> **Provided data**
★ ★ ★ ★ ★

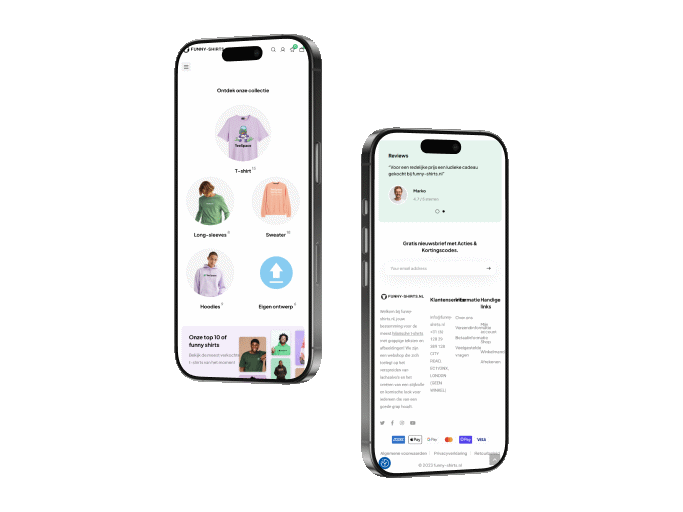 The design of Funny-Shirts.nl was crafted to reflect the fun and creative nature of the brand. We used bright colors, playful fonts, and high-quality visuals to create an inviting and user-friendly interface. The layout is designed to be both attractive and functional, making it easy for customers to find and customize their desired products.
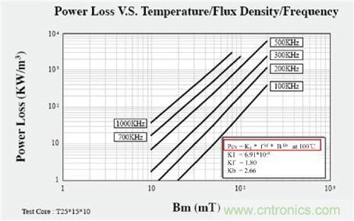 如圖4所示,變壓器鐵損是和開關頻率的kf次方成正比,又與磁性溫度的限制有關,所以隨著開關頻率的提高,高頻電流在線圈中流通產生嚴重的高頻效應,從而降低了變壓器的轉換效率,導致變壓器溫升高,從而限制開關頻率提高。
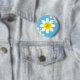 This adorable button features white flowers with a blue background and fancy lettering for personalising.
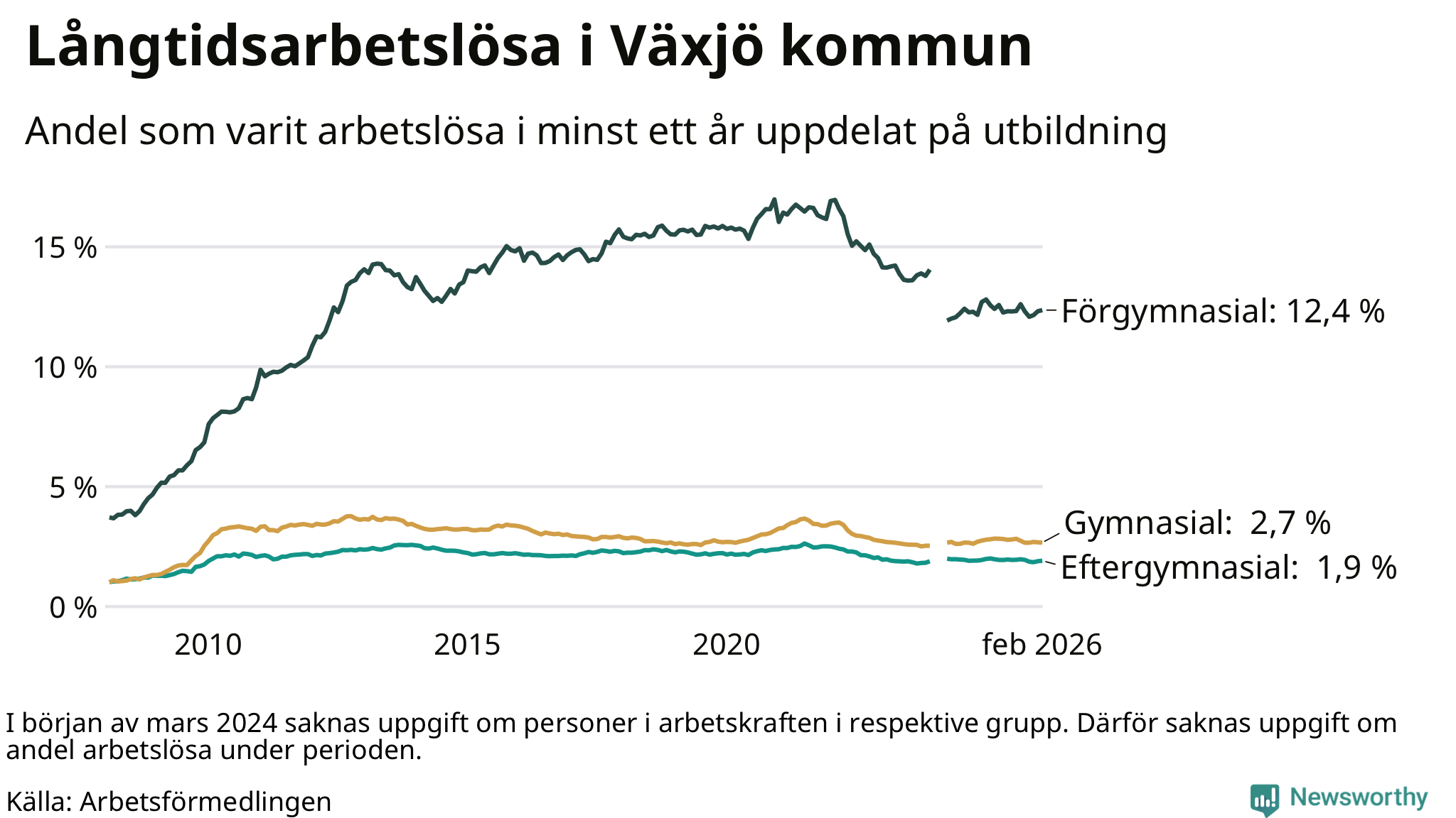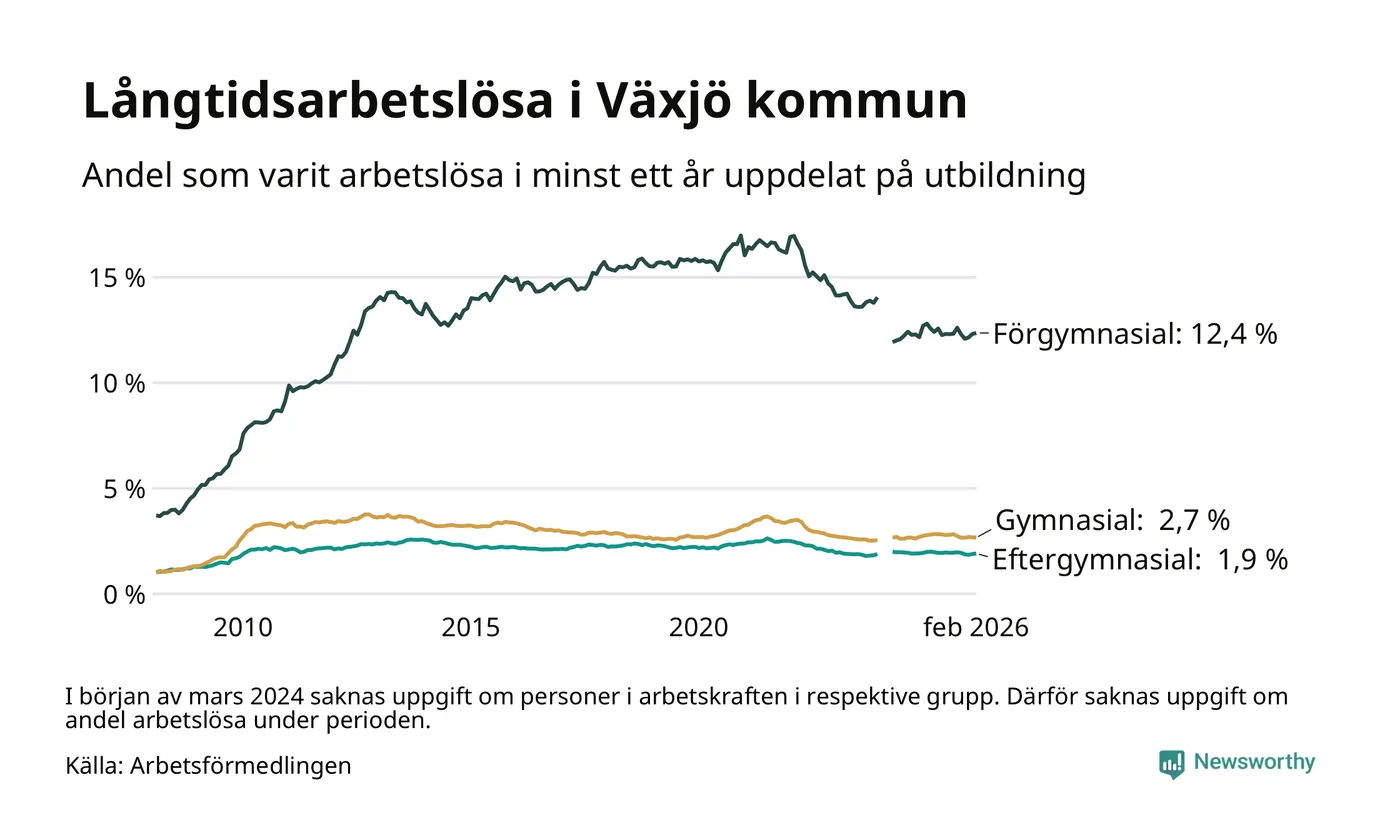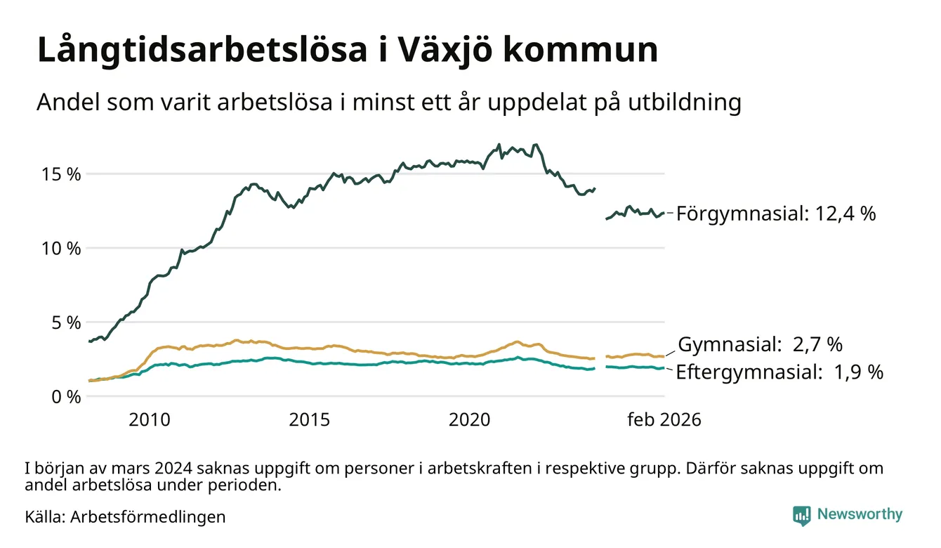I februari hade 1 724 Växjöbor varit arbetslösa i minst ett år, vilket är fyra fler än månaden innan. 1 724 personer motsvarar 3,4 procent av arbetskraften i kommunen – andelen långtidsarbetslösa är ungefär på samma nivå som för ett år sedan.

★ ★ ★ ★ ★

Starting at the top of the listing above, please restate word for word each line up to and including the one that holds "如圖4所示,變壓器鐵損是和開", omitting every image.

 The design of Funny-Shirts.nl was crafted to reflect the fun and creative nature of the brand. We used bright colors, playful fonts, and high-quality visuals to create an inviting and user-friendly interface. The layout is designed to be both attractive and functional, making it easy for customers to find and customize their desired products.
 如圖4所示,變壓器鐵損是和開關頻率的kf次方成正比,又與磁性溫度的限制有關,所以隨著開關頻率的提高,高頻電流在線圈中流通產生嚴重的高頻效應,從而降低了變壓器的轉換效率,導致變壓器溫升高,從而限制開關頻率提高。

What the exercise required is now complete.